Remember you cannot measure jitter accurately using an oscilloscope that's self-referenced (triggered) to the signal you are trying to measure.

At some frequencies jitter will be invisible, at others it will be double the actual value.

I'm not sure how Martin is measuring his.

Andy.
 
Sorry Martin, completely bogus and pointless post...

In terms of reflections and actual data corruption I think it wouldn't work at all rather than just mess the odd bit up.

Paul
 
Re: Not only but also

Originally posted by Andrew L Weekes
Remember you cannot measure jitter accurately using an oscilloscope that's self-referenced (triggered) to the signal you are trying to measure.

At some frequencies jitter will be invisible, at others it will be double the actual value.

I'm not sure how Martin is measuring his.

[Right, I'll just prove how little I know about this...]

You're right, I wasn't as such, but I'd be interested if you could explain a little more why I couldn't measure jitter this way? From my naive view point I thought this would manifest itself as very slight variations in the detected time widths of each bit, which in principle I'd have thought I could look at from the sort of data I have?
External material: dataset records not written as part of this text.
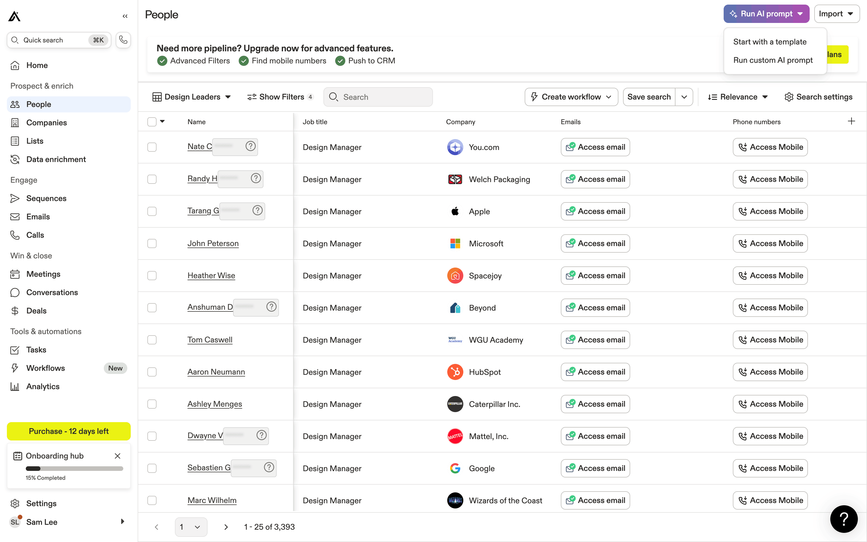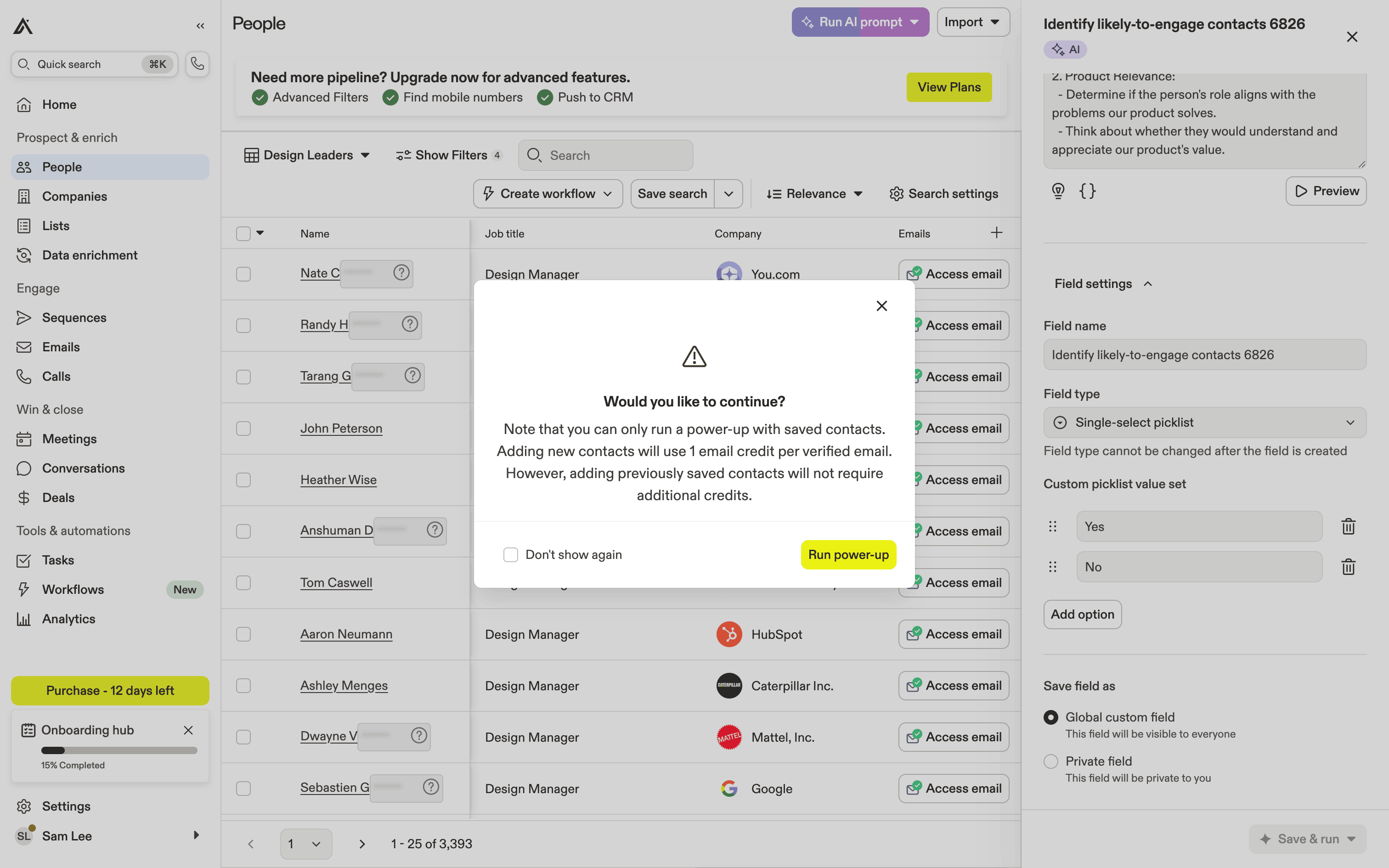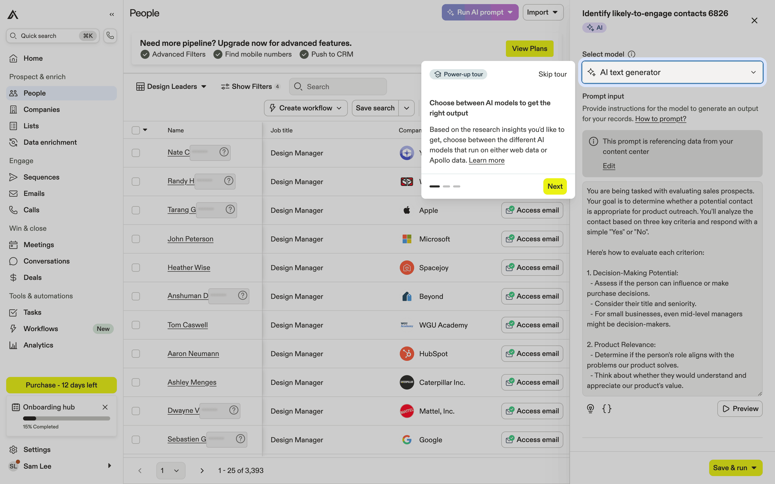 The user runs an AI prompt on a list of people to identify likely-to-engage contacts. The AI results are displayed in a new column.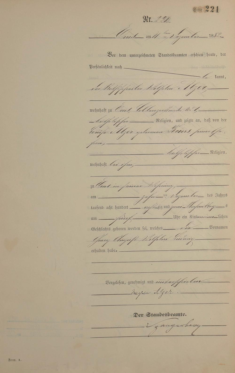 Geburtsregister 1882
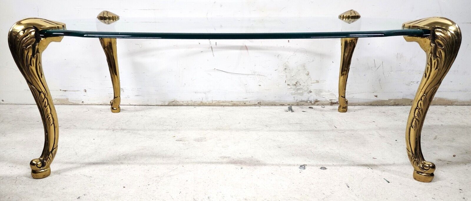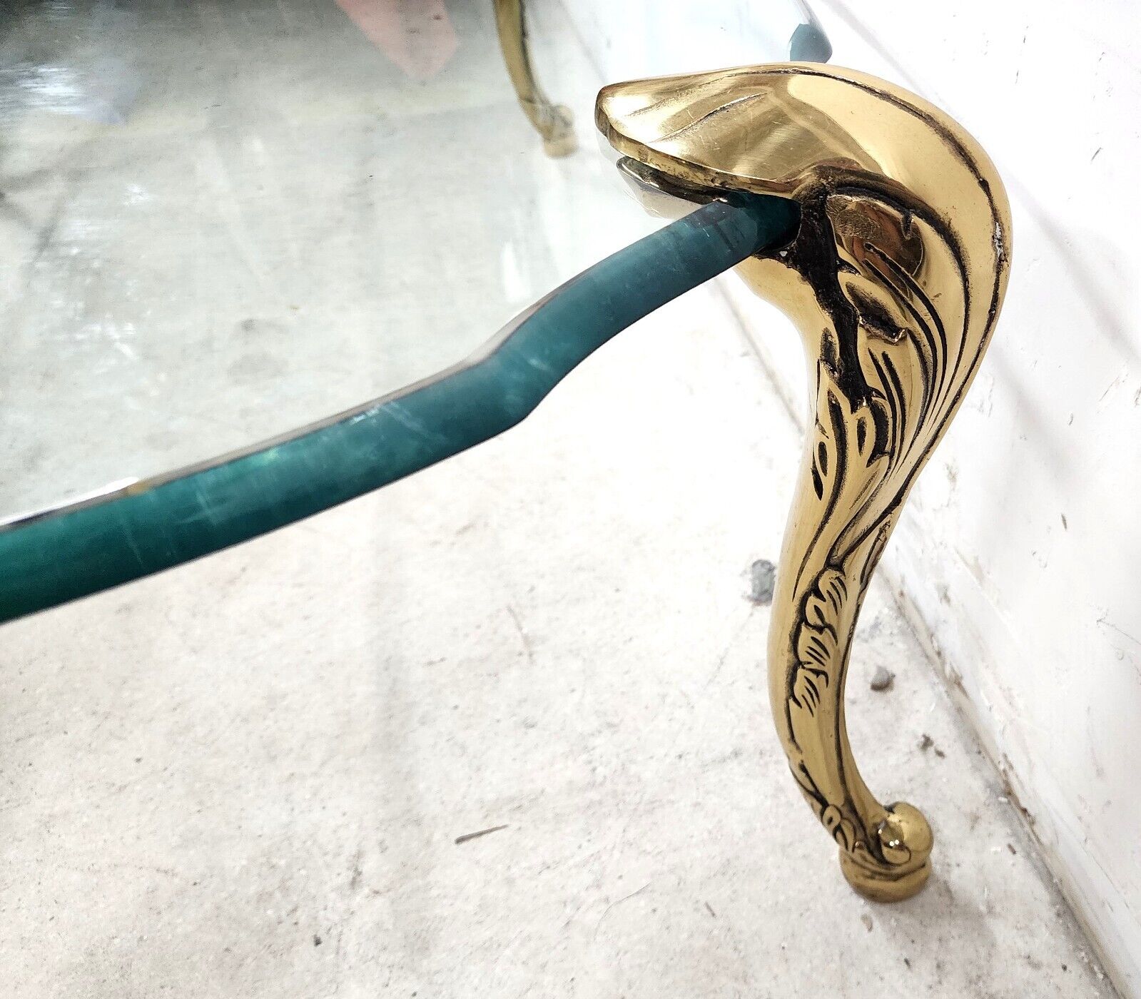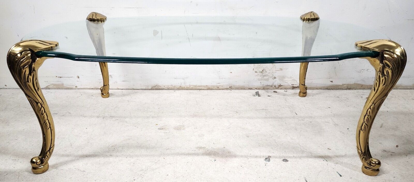 Featuring heavy brass legs with Acanthus leaf design ending in escargot feet and the original Ogee edge beveled glass top. Legs are removable and can be placed anywhere on the glass top.

That is, rather than getting a stream of 1s and 0s arriving at exactly equal time intervals, there is some spread of these time separations. This spread I'd assumed was probably roughly Gaussian (Normal). What, no doubt large chunks of info., am I missing?
 
Originally posted by wadia-miester
Martain, you could well be right about your sampling frequency rate.

Yeah, thinking about it jitter values are usually of the order of a few hundreds of picoseconds aren't they (although I'm not sure how that time is defined), so potentially you'd need to be sampling at ~10GHz, which is a pretty expensive scope. That's a seriously wide bandwidth for digital cables to be dealing with too isn't it...
 
Martin, an external clock starting @10ghz would be a basic requirement, you would need at least 1000 times the capacity of the 'sample' being taken, from an indepenant clock.
Cables are a very small part of the business Martin, instrumentation & implemenation of digital intergration systems for areospace & industry & civil.
The Clocks which run the dsp chips in the Wadia's dac section start at 25 Meg.

www.omigatech.co.uk

Wm
 
Originally posted by wadia-miester
Cables are a very small part of the business Martin, instrumentation & implemenation of digital intergration systems for areospace & industry & civil.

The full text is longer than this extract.